• **Task**
Starting with the line that holds "Repas fin d'année Repas" and stopping after the line that holds "Tilkinin ürkerek köfte", repeat the lines below word for word, without the pictures.

• **Data shown**
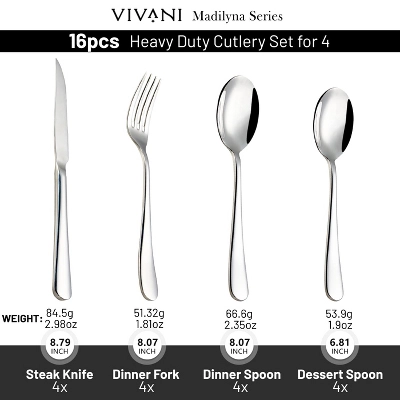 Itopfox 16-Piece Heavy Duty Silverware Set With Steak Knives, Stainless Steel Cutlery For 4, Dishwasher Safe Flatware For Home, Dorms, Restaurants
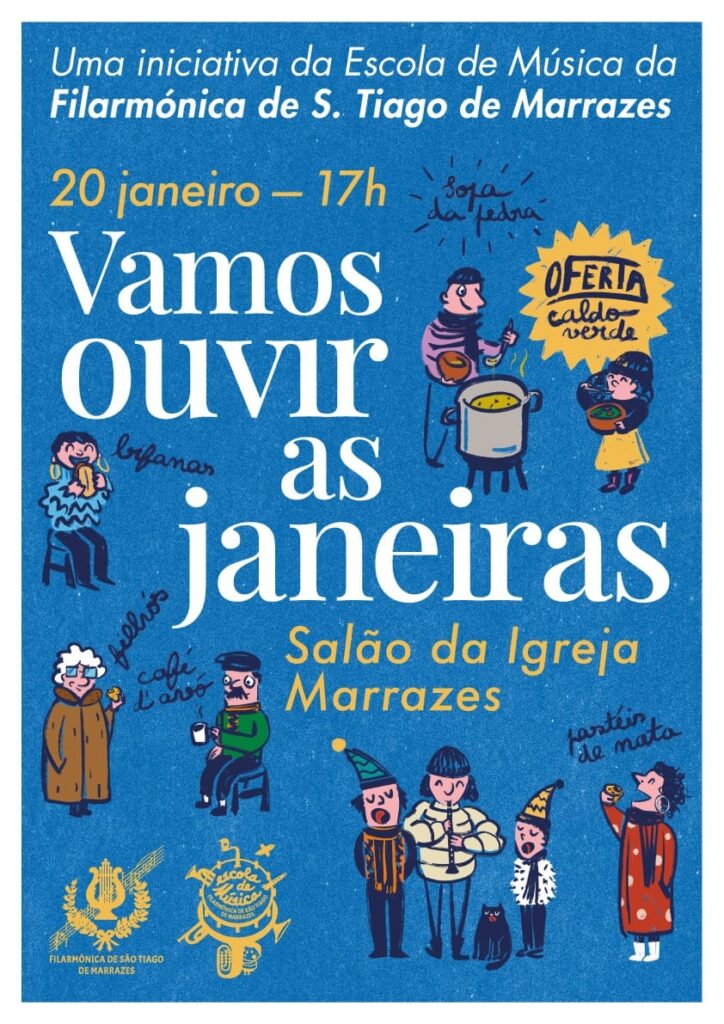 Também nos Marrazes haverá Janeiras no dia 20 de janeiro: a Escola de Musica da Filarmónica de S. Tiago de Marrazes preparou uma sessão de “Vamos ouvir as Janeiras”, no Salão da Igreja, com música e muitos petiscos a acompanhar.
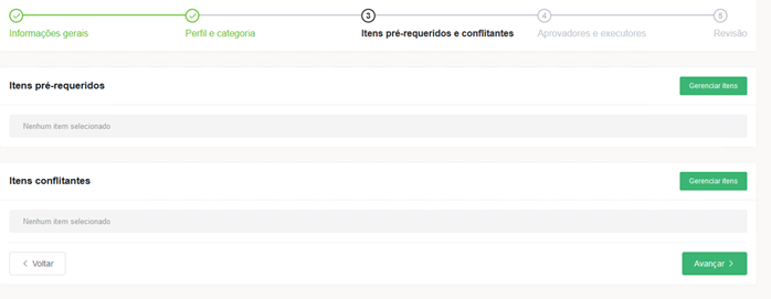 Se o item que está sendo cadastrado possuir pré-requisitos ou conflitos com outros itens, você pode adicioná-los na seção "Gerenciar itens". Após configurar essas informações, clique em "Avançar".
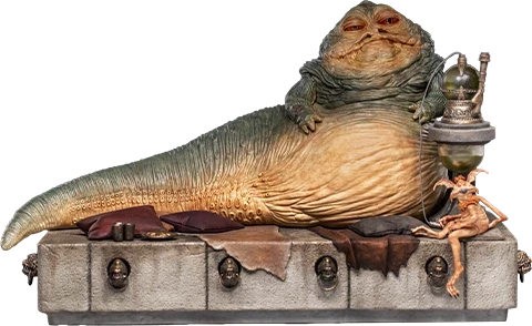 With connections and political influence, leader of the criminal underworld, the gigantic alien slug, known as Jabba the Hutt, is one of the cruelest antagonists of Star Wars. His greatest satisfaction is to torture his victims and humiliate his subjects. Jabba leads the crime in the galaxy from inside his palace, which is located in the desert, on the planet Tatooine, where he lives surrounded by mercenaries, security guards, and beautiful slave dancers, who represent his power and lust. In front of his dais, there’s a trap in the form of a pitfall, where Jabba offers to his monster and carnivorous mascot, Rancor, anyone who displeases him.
---
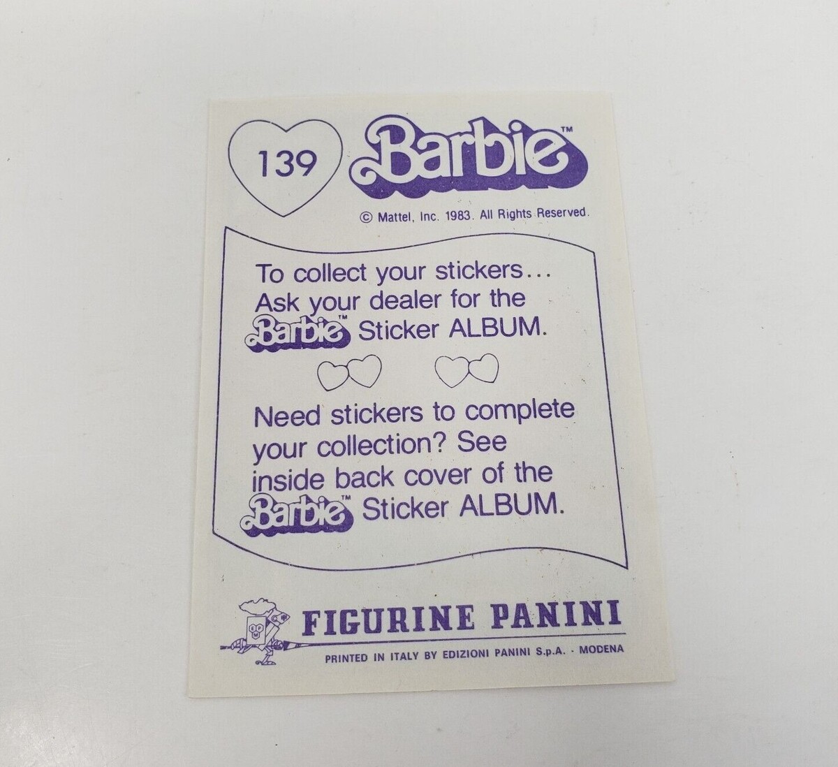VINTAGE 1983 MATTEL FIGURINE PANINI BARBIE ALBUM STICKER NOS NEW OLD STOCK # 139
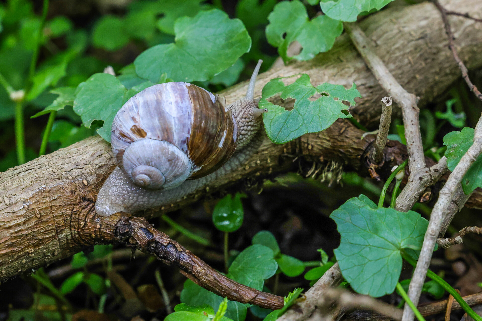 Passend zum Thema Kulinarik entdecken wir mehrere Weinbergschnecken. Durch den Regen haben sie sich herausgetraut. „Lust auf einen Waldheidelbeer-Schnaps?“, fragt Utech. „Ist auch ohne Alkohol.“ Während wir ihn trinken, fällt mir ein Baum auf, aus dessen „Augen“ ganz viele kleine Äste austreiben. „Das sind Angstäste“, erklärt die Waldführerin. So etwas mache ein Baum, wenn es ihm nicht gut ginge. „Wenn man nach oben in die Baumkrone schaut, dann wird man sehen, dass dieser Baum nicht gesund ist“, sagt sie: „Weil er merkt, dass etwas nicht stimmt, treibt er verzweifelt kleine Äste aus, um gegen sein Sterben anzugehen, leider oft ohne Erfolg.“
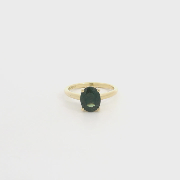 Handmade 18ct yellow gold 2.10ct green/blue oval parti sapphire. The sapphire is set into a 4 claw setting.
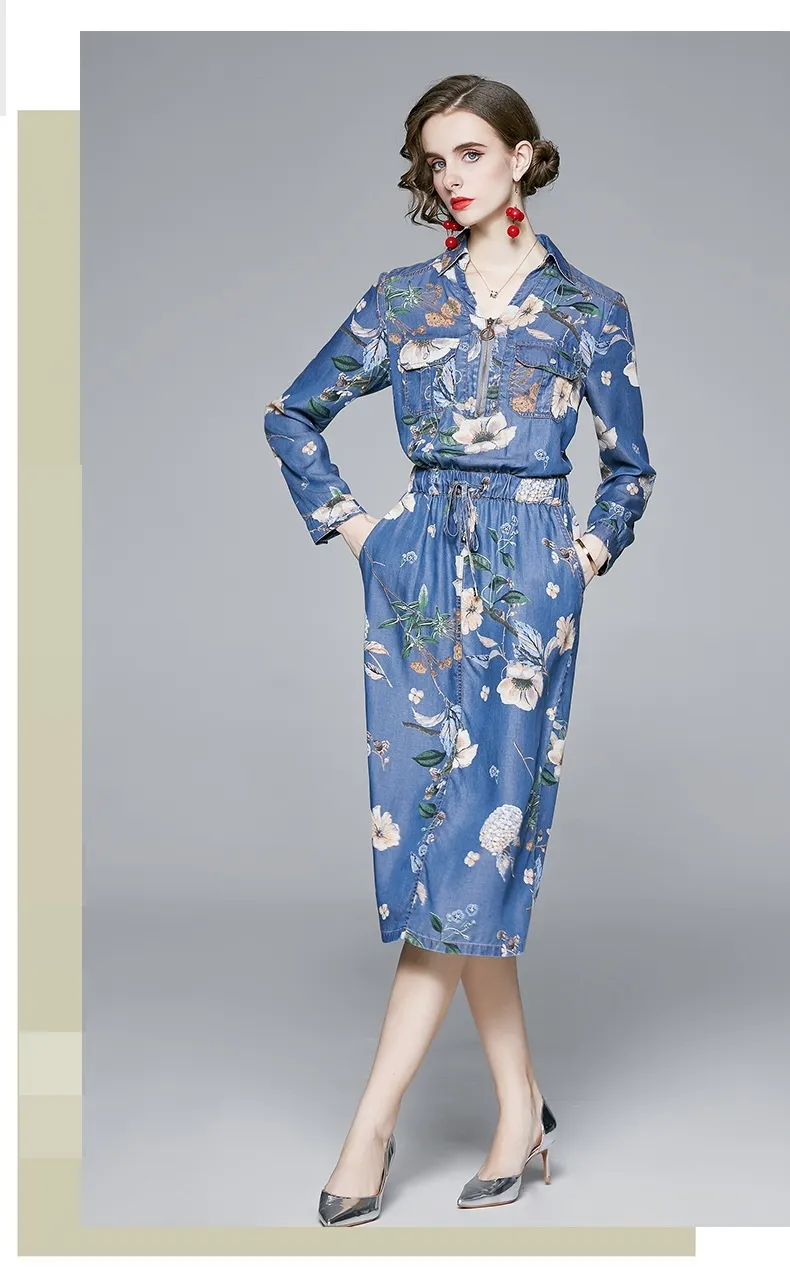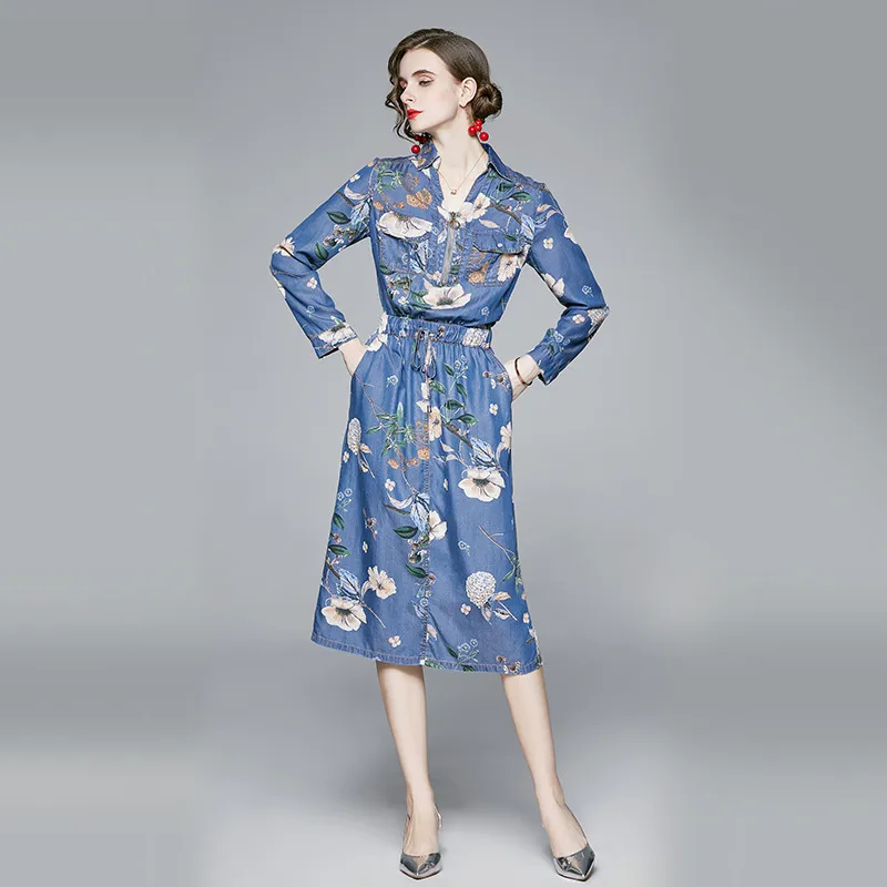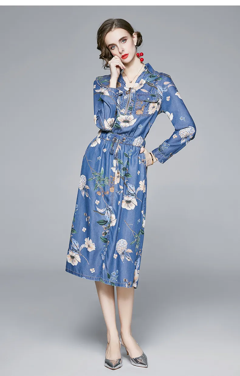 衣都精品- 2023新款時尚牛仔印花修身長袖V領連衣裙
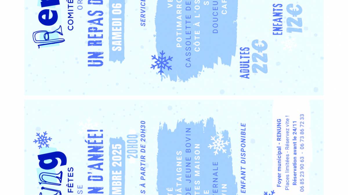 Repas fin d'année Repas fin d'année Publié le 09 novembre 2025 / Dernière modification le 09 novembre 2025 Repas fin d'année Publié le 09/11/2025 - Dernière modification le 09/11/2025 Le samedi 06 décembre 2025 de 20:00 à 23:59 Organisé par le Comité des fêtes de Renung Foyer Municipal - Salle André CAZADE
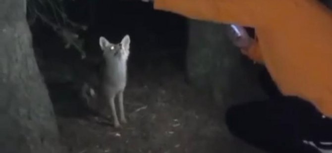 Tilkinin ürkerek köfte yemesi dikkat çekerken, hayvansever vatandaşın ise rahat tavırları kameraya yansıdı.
--
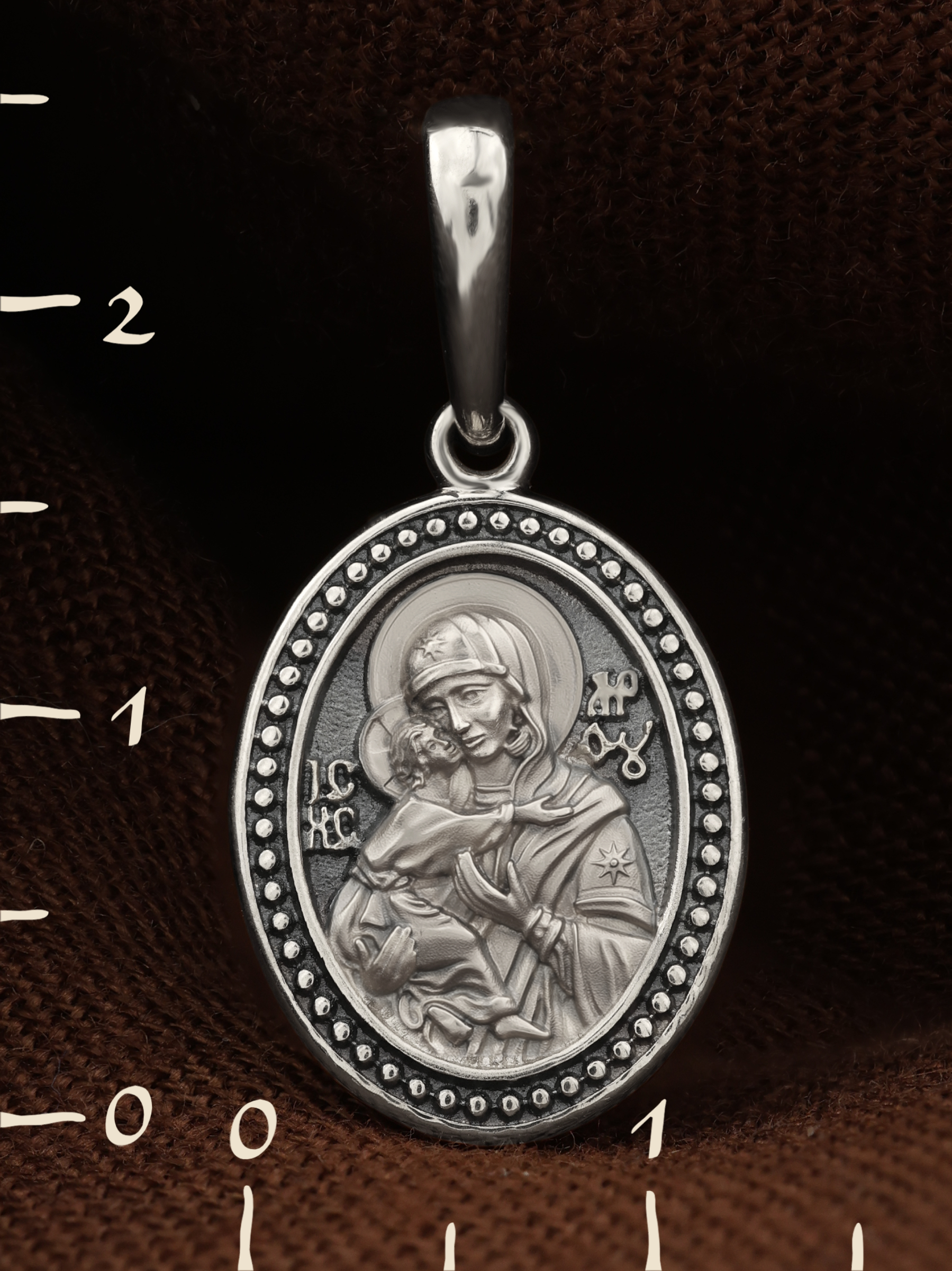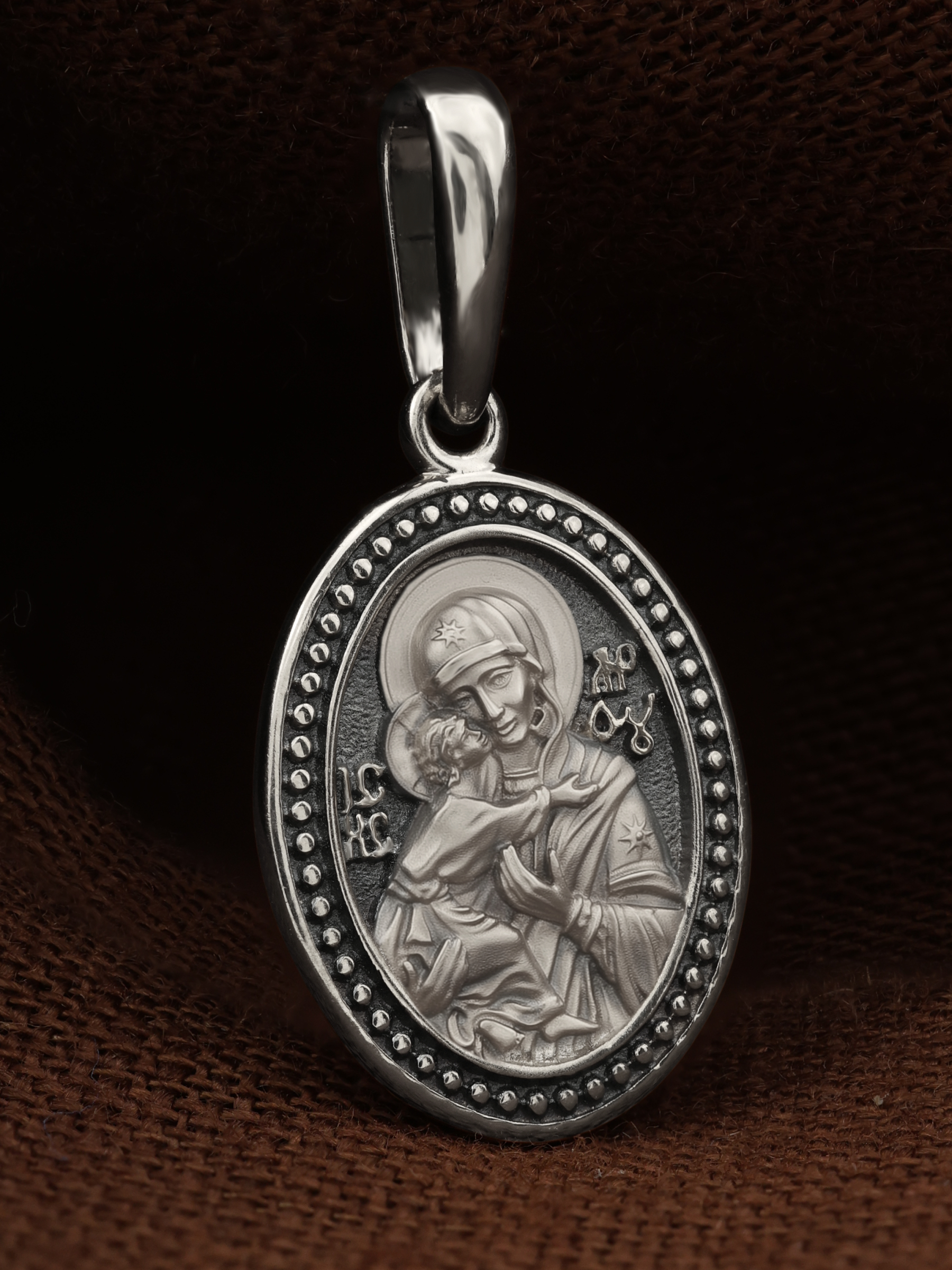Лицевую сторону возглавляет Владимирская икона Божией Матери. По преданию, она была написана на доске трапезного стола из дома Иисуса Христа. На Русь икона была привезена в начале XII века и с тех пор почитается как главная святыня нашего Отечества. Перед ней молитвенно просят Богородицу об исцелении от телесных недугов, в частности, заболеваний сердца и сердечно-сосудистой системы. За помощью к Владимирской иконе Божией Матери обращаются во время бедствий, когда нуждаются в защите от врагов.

• **Output for this task**
 Repas fin d'année Repas fin d'année Publié le 09 novembre 2025 / Dernière modification le 09 novembre 2025 Repas fin d'année Publié le 09/11/2025 - Dernière modification le 09/11/2025 Le samedi 06 décembre 2025 de 20:00 à 23:59 Organisé par le Comité des fêtes de Renung Foyer Municipal - Salle André CAZADE
 Tilkinin ürkerek köfte yemesi dikkat çekerken, hayvansever vatandaşın ise rahat tavırları kameraya yansıdı.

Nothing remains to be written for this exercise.